Uma agência de aplicação da lei da África do Sul opôs-se à fiança de Ziyadh Hoorzook, acusado de doar bitcoin a uma organização supostamente envolvida no financiamento do terrorismo.
Uma agência de aplicação da lei sul-africana argumentou recentemente contra a concessão de fiança a um homem acusado de doar $614 em bitcoin (BTC) a uma organização alegadamente financiamento terroristas. John Sithole, um oficial de investigação da unidade de combate ao crime de elite, os Hawks, argumentou que Ziyadh Hoorzook, atualmente sob custódia, poderia evitar o julgamento se fosse libertado sob fiança.

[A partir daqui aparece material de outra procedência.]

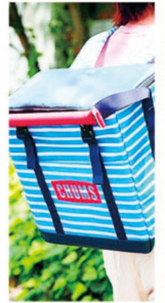
2Lのペットボトルを立てて運べるサイズ。大荷物にもうれしい、手持ちとデイバックの2way。 ハイウォータークーラーバック/ ¥9,800 (CHUMS)
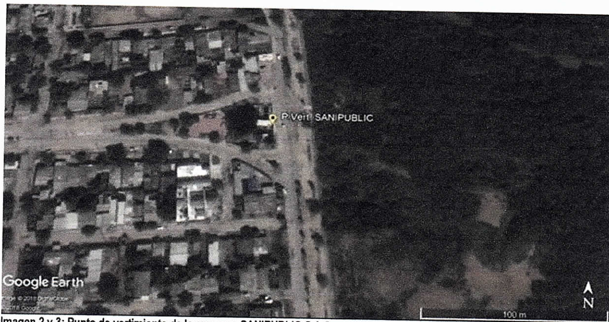
Imagen 2 y 3: Punto de vertimiento de la empresa SANIPUBLIC S.A.S.
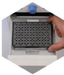
Step.2 Put the adapter plate
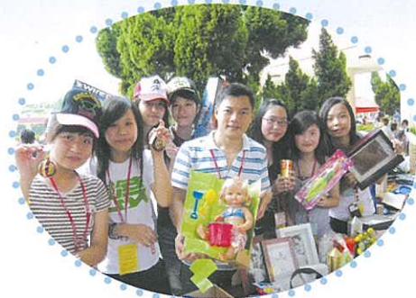
快來賣吧！共襄善舉！
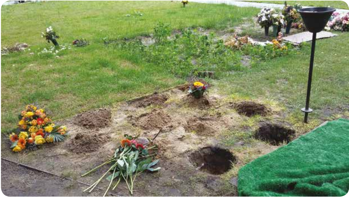
Ordnungsbehördliche Bestattung auf dem Parkfriedhof Neukölln.

Lebenspartner einer eingetragenen Lebenspartnerschaft, die volljährigen Kinder, die Eltern, die volljährigen Geschwister, die volljährigen Enkelkinder, sowie die Großeltern« (Senatsverwaltung für Gesundheit und Soziales, 2007). Freundschaften und soziale Bezüge jenseits von Herkunftsfamilie und »klassischen Kleinfamilien« werden nicht über den Tod des Menschen informiert.
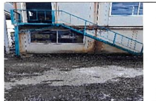
地盤をならして完成
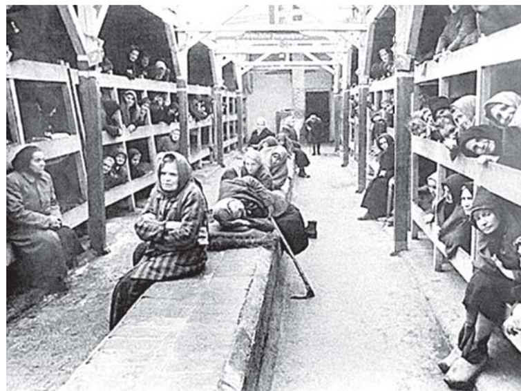
В концлагере Равенсбрюк

После паузы затишья она рассказала подробно о своём побеге.
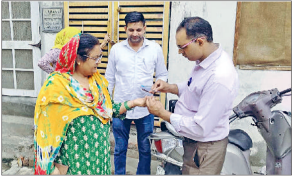
जीट। रक्त के सैमल लेते हुए स्वास्थ्यकर्मी।

200 से अधिक टीमों कर रही लोगों को जागरूक
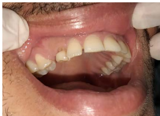
Figura 1 – Exame intra-oral. Verificou-se ausência dos dentes 13 e 14 e presença do dente 54.

Paciente, 27 anos, ASA 1, leucoderma, compareceu à clínica buscando avaliação de rotina. No exame intraoral verificou-se ausência dos dentes 13 e 14, além da retenção prolongada do dente 54 (Figura 1). Foi solicitada uma radiografia panorâmica com a finalidade de averiguar esta ausência. Ao analisar, foi observada a presença de uma lesão radiopaca sugestiva de odontoma complexo e impaction dos dentes 13 e 14 (Figura 2).
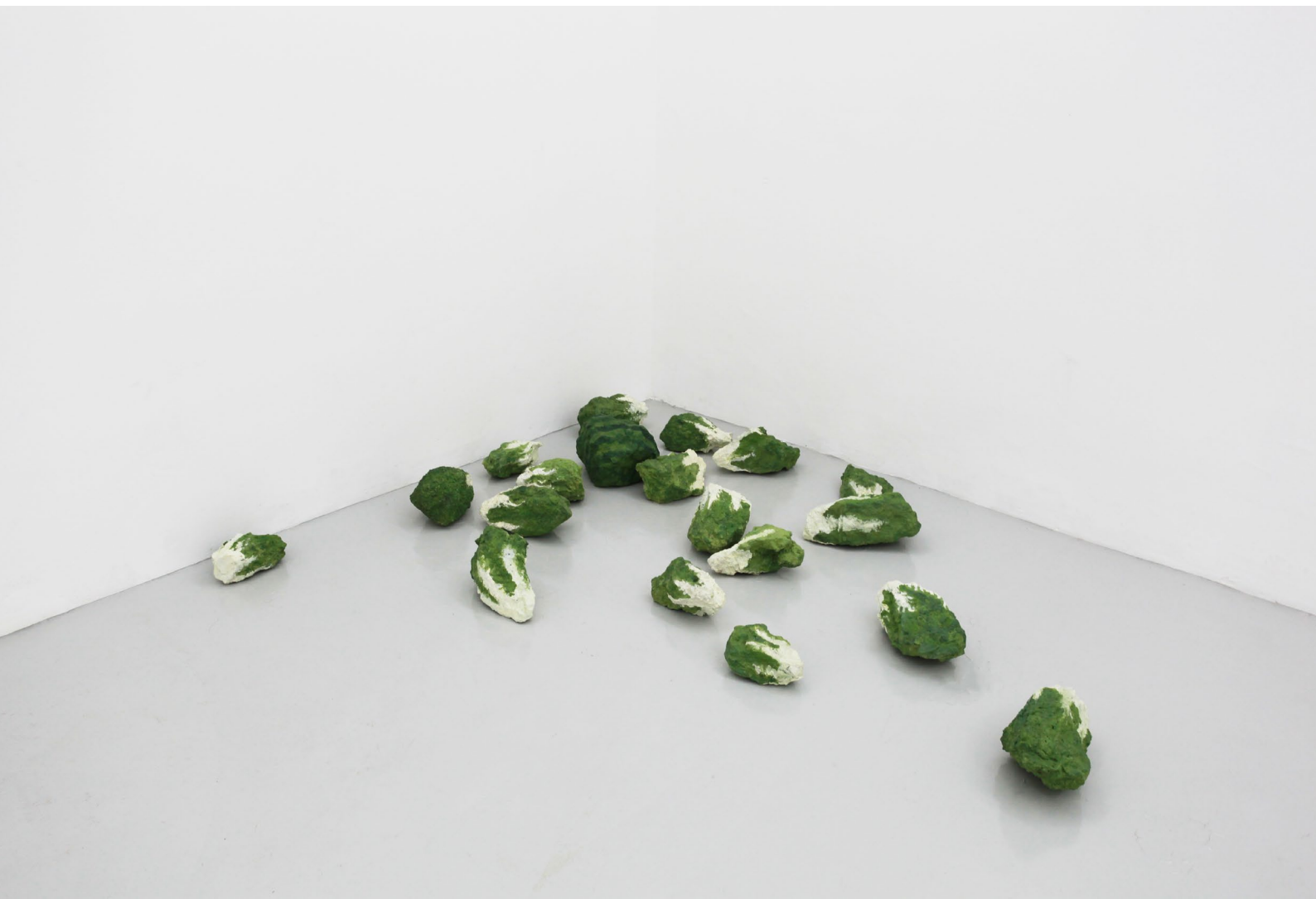
石尿 裝置 混凝土 2006

北京市朝阳区酒仙桥路2号798艺术区798东街 / 798 East Road, 798 Art District, No.2 Jiuxianqiao Road, Chaoyang District., Beijing, China T +86 10 5840 5117 / F +86 10 5978 9635 / E info@magician-space.com / W www.magician-space.com
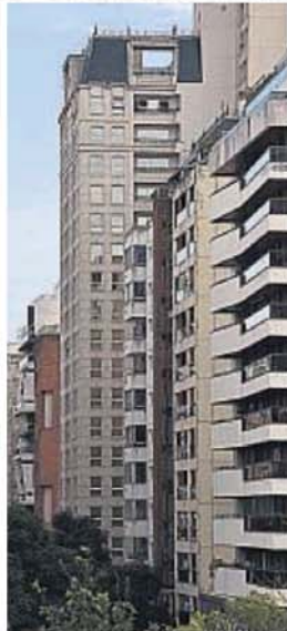
DEPARTAMENTOS. Presentan un panorama variado por sectores.

En lo que es tierras, el especialista afirmó que el panorama no está tan claro y que los precios no subieron en la misma proporción en que lo hicieron otros productos.
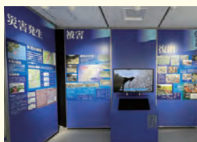
広島市豪雨災害伝承館
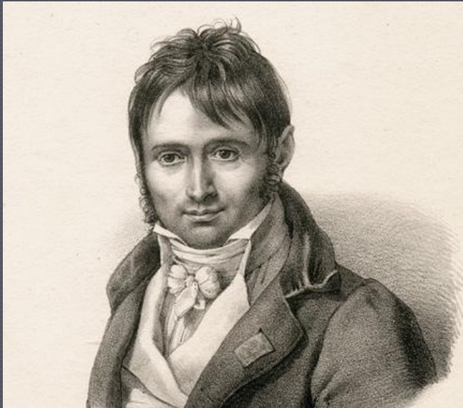
Joseph Exupere Bertin (1712 – 1781)
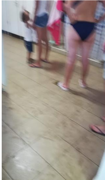
3. sz. kép

Az első vizesblokk női részén a víz elfolyás nem működik. Minden egyes zuhanyzás után áll a víz. De nem csak a zuhanyzás után hanem ezt tapasztaltuk az esti takarítás utáni reggeli nyitás során is, hogy áll a víz ezen a részen. Értem ez alatt, hogy szivárog a víz valahonnan.
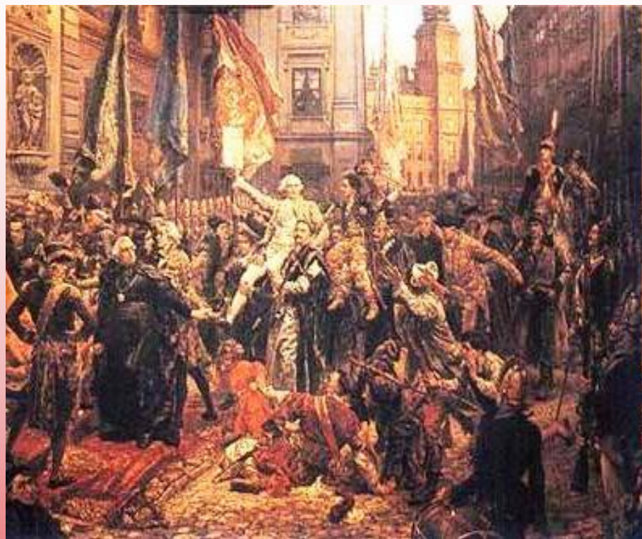
Widok Sejmu w czasie uchwalania Konstytucji 3 Maja

Dzień ten został uznany świętem już 5 maja 1971 roku. Ponownie, po odzyskaniu niepodległości w 1918 roku, 3 maja został uznany za święto państwowe na mocy uchwały Sejmu z dnia 29 kwietnia 1919 roku. Od 1946 roku świętowanie tego dnia było zakazane przez władze aż do roku 1990 kiedy to, 6 kwietnia, Sejm ponownie przywrócił to święto.
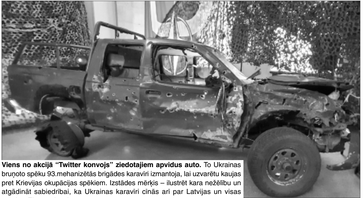
Viens no akcijā "Twitter konvojs" ziedotajiem apvidus auto. To Ukrainas bruņoto spēku 93.mehанизētās brigādes karavīri izmantoja, lai uzvarētu kaujas pret Krievijas okupācijas spēkiem. Izstādes mērķis – ilustrēt kara nežēlību un atgādināt sabiedrībai, ka Ukrainas karavīri cīnās arī par Latvijas un visas pārējās Eiropas brīvību.

Ar vadmotīvu "Zem drošības karoga" šogad apmeklētājus sagaidīja KARA MUZEJS . Plašajās telpās, kas izvietotas vairākos stāvos, apskatei bija pieejamas muzeja pastāvīgās vēstures ekspozīcijas, kā arī jaunākā izstāde "NATO – Tev un Latvijai. Latvijas 20 gadi NATO". Apmeklējot šo muzeju, jāreķinās ar ilgāku laiku, – lai rūpīgi apskatītu visas ekspozīcijas, ar stundu vai divām ir krietni par maz. Izstādes ("Kara anatomija: cilvēka dzīvības vērtība", "Brīvības čuksti: Latvijas neatkarības zaudēšana un atgūšana. 1940/1990", "Latvijas neatkarības karš. 1918-1920" u.c.) vēstija par Latviju tās dažādos laika posmos, Pirmā un Otrā pasaules kara gadiem, par Krievijas Federācijas agresiju pret citām valstīm, par Zemessardzi toreiz un tagad... Pasākuma laikā muzeja viesiem bija unikāla iespēja aplūkot lielāko NATO karogu Latvijā, eksprezidentes Vairas Viķes-Freibergas NATO samītā Prāgā 2002.gada 21.novembrī vilkto kostīmu, 2006.gada Rīgas NATO samita tribīni un citas vēstures liecības par Latvijas valsts ceļu pretī dalībai pasaulē spēcīgākajā militārajā aliansē. Tikmēr mazākie apmeklētāji varēja iepazīties ar muzeja jauno tēlu – kaķi Seržantu – un kopā ar viņu izstaigāt muzeja izziņas taku.
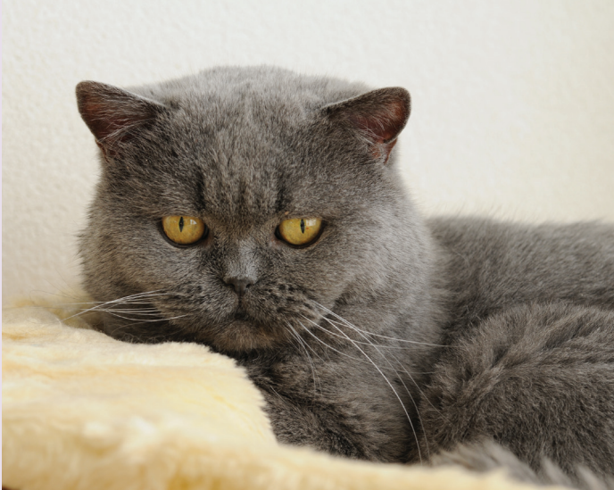
Archie Llamados geb: 27-01-1996

helemaal niets meer over deze 'kampioenen'. Als een kip zonder kop lopen deze fokkers vaak ook nog naar één en dezelfde dekkater toe, alsof alleen de genen van de dekkater bepalend zijn voor de kittens. Ik hoef u niet te vertellen wat dat doet met de genenpool van ons geliefde ras. En dan heb ik het niet eens over fokkers die ook nog eens alle dekkaters met bloedgroep-A uitsluiten voor de fok,
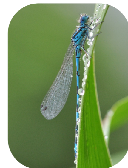
L'Agrion de Mercure*, observé dans le secteur de l'étang du Pourra

Port-de-Bouc accueille de nombreuses espèces de grand intérêt patrimonial, parmi lesquelles se trouvent :
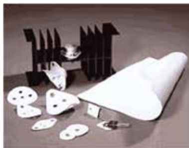
応用分野: 超高熱伝導ハイブリッド高分子
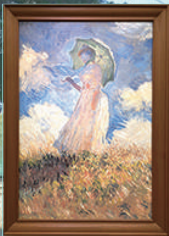
クロード・モネ「散歩、日傘をさす女」

わたしたちゲイルは、大阪京町堀を拠点とした企画・デザイン・編集会社 スタッフによる日常を綴ったブログマガジン「藝風日和」をご紹介します
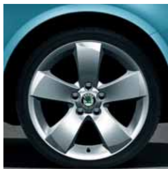
Cerchi in lega 7.0J x 17" Kentaur per pneumatici 205/40 R17 (5J0 071 496)
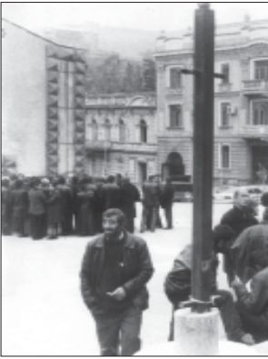
თი წვილის თანამართლები, მაგრამ რა შეუძლია ექსპერტისგან? დიდი არაფერი...

Embora Hoorzook negue saber sobre as supostas ligações de al-Sadaqah ao terrorismo, Sithole foi citado na mídia local afirmando ter descoberto evidências nos dispositivos de Hoorzook que sugerem o contrário. Conforme relatado pela Bitcoin.com News no início deste ano, Hoorzook foi preso por supostamente violar seções da Lei de Proteção da Democracia Constitucional e Atividades Relacionadas. Acredita-se que o crime tenha sido cometido em 2017.
Após a prisão, as autoridades sul-africanas afirmaram que uma investigação preliminar indicou que os fundos foram transferidos para apoiar “participantes” em outro país com armas, ajuda financeira e outros projetos.
No entanto, Hoorzook, através do seu advogado Mohammed Razak, disse que planeia declarar-se não culpado na próxima audiência, porque o estado o “desalinhou” com uma “narrativa que é factualmente falsa.” De acordo com um relatório da SABC, a audição da fiança de Hoorzook está agendada para 15 de janeiro.
Entretanto, um comunicado sobre a prisão de Hoorzook emitido pelo chefe dos Hawks, Godfrey Lebeya, explicou o grande interesse da agência de aplicação da lei neste caso. Ele disse:
“A nossa equipa dedicada, em colaboração com parceiros locais e internacionais, está a trabalhar em conjunto para interromper o fluxo ilícito de fundos que alimenta o crime organizado e o terrorismo.”
Desde que o país foi colocado na lista cinzenta do Grupo de Ação Financeira (GAFI) em 2023, as autoridades sul-africanas tomaram medidas para lidar com as deficiências identificadas pelo órgão intergovernamental. Alguns dos passos dados incluem exigir que as plataformas de troca de ativos digitais coletem detalhes das partes envolvidas em transações criptográficas.
No entanto, a África do Sul ainda tem algumas ações pendentes que precisam ser totalmente resolvidas para a satisfação do FATF antes de serem removidas da lista cinza. De acordo com um relatório da Defenceweb, uma recomendação para retirar a África do Sul da lista provavelmente será feita em junho, se o FATF Africa Joint Group estiver satisfeito com o progresso do país.